Here is the magic formula for determining how much to blend:
blend = blendDelta * log10(1 + normFactor * brightness) + blendMin
blendDelta is just blendMax - blendMin (the maximum we are willing to blend minus the minimum). Adding 1 in the log function makes sure we always have a valid result and the normFactor constant (which is 9/255) ensures the final output does not exceed blendMax.
As can be seen in the plot, the log function applies a more aggressive blend at lower brightness levels without introducing any discontinuities.
For the brightness value we use a formula for perceived brightness: 0.299 * r + 0.587 * g + 0.114 * b where the inputs represent the red, greed, and blue components of a pixel. For speed we use the following approximation:
(r + r + r + b + g + g + g + g) >> 3
This trades three floating point operations for five additions and a bitwise shift operation. If you recall, shifting right by 3 bits is the same as dividing by 8, so the approximation is equivalent to: 0.375 * r + 0.5 * g + 0.125 * b (not too far off from the original).

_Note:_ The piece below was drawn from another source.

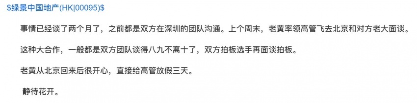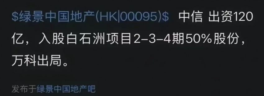 风财讯:近日在绿景中国地产股吧流传多个消息称,中信集团旗下中信城开拟出资120亿元入股绿景中国地产(HK00095)白石洲项目2-3-4期50%股份。

Lastly, we only do any of these computations if the alpha channel on the watermark (which always comes from a PNG file) is greater than 0. In other words: if there is nothing to blend we move on to the next pixel.
Real World Samples
While the position and sizing of the watermark changed a little bit since the originals were collected (in fact the new watermark is smaller), the difference in contrast can be clearly seen on both light and dark backgrounds with high frequency content.
All of these samples and formulas are great, you say, but how about a performance benchmark? Well, I’m glad you asked because we have a 40 core machine at our disposal, so lets see if we can make it break a sweat.

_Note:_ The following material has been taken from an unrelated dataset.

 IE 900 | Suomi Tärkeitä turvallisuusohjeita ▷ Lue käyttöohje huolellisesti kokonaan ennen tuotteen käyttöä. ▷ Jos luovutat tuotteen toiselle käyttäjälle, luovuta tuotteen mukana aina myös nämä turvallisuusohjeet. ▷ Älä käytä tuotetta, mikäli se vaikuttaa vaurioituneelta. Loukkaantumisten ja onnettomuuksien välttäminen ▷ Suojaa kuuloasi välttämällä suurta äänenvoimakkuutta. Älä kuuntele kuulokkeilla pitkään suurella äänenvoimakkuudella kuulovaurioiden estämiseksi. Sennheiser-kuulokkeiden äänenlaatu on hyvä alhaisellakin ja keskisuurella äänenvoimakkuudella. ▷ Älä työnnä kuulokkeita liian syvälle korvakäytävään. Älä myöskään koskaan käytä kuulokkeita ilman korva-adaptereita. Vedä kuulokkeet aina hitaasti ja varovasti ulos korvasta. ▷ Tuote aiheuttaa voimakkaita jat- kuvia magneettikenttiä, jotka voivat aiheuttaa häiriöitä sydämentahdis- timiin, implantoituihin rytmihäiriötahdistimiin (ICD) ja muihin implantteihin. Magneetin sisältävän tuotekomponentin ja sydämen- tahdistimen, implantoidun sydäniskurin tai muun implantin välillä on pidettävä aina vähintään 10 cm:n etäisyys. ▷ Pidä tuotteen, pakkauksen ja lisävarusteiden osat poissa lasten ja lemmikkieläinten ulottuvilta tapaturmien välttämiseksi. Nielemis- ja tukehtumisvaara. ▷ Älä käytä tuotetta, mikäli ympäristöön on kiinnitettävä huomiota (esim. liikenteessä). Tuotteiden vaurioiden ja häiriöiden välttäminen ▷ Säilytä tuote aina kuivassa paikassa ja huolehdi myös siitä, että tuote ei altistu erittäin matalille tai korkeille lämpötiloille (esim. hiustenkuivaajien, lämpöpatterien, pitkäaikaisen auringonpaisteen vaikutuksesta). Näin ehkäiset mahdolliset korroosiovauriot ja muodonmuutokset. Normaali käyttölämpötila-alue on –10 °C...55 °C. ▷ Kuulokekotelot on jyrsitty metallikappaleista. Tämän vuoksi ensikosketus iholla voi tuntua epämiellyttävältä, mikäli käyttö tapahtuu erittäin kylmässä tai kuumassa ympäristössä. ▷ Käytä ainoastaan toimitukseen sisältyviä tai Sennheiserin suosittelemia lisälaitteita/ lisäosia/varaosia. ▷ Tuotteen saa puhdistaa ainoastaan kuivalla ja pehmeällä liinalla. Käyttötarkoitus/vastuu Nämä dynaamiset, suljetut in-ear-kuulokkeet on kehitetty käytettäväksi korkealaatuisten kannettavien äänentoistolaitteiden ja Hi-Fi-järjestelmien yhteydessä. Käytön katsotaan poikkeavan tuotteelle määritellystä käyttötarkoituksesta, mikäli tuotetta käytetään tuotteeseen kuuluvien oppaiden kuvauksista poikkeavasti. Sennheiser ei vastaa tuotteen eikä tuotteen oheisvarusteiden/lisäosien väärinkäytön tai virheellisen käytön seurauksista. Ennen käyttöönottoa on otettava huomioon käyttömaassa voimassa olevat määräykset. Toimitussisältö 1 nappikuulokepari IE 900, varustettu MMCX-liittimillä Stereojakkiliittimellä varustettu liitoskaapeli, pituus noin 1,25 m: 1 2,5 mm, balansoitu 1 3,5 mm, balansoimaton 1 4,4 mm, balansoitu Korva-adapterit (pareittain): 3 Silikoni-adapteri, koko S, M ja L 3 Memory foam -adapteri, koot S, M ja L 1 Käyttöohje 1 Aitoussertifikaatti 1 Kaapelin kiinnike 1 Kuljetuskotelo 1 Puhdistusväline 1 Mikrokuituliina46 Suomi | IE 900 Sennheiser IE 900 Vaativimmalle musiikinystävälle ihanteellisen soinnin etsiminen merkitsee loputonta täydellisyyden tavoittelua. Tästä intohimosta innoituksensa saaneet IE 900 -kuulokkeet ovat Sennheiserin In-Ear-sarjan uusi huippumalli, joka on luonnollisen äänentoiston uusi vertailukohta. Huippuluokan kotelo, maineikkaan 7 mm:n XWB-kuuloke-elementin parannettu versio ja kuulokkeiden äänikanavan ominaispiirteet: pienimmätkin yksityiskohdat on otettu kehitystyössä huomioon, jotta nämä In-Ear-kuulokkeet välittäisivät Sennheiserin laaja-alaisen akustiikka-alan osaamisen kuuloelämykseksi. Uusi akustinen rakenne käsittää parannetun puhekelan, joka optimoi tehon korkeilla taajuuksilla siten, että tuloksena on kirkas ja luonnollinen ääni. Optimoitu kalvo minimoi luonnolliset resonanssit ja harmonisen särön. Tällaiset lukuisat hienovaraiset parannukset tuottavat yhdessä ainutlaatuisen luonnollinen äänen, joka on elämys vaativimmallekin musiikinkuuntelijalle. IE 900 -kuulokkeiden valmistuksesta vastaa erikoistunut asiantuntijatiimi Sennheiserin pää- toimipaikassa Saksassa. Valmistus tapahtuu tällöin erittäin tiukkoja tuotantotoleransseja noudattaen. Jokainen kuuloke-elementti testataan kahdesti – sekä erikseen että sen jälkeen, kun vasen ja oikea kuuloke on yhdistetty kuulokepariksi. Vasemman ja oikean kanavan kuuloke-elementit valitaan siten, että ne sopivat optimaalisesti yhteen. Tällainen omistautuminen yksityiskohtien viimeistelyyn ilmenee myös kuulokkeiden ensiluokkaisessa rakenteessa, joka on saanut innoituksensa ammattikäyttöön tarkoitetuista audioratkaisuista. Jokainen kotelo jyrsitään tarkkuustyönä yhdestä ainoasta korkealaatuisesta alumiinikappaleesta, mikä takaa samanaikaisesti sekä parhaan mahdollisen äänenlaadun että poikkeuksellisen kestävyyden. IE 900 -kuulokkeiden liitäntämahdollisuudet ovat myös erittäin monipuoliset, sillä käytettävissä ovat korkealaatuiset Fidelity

In this synthetic benchmark we use the same input image (667x1000 px) and output three different thumbnail sizes: 100x100, 640x480, 1024x768. The output is cropped and then down-sampled (or up-sampled as is the case with the third output size).
Adding the adaptive watermark increases the minimum by 2.3ms and decreases throughput by about 14%. However even at 572.7 thumbnails per second our 99th percentile with the watermark is less than 140ms.
You still might be skeptical since this is just a synthetic benchmark… How does this system behave in the real world? The service has been operating in production for quite some time now and generating a wide range of thumbnails (note that not all images get watermarks). Over a 2 week period we hit 94ms (75th percentile) and 280ms (95th percentile).
tl; dr (aka the summary)
At Creative Market we use an adaptive watermarking technique that gets applied to images on the fly. Our infrastructure allows us to quickly change any resizing or watermarking parameter and see the results in near-realtime (there is no need to batch-resize all of our images). Our adaptive technique adjusts the watermark blend based on the brightness of the image beneath to give higher contrast where needed.
We use a standalone service written in C++ and Go to achieve tight performance requirements. In synthetic benchmarks we achieve sub 140ms times in the 99th percentile at 572 image resizes / sec (this includes loading the image from disk and generating the final JPG). The full system also performs well in production where we serve a wide range of image sizes and settings (not all have watermarks) at 280ms (95th percentile).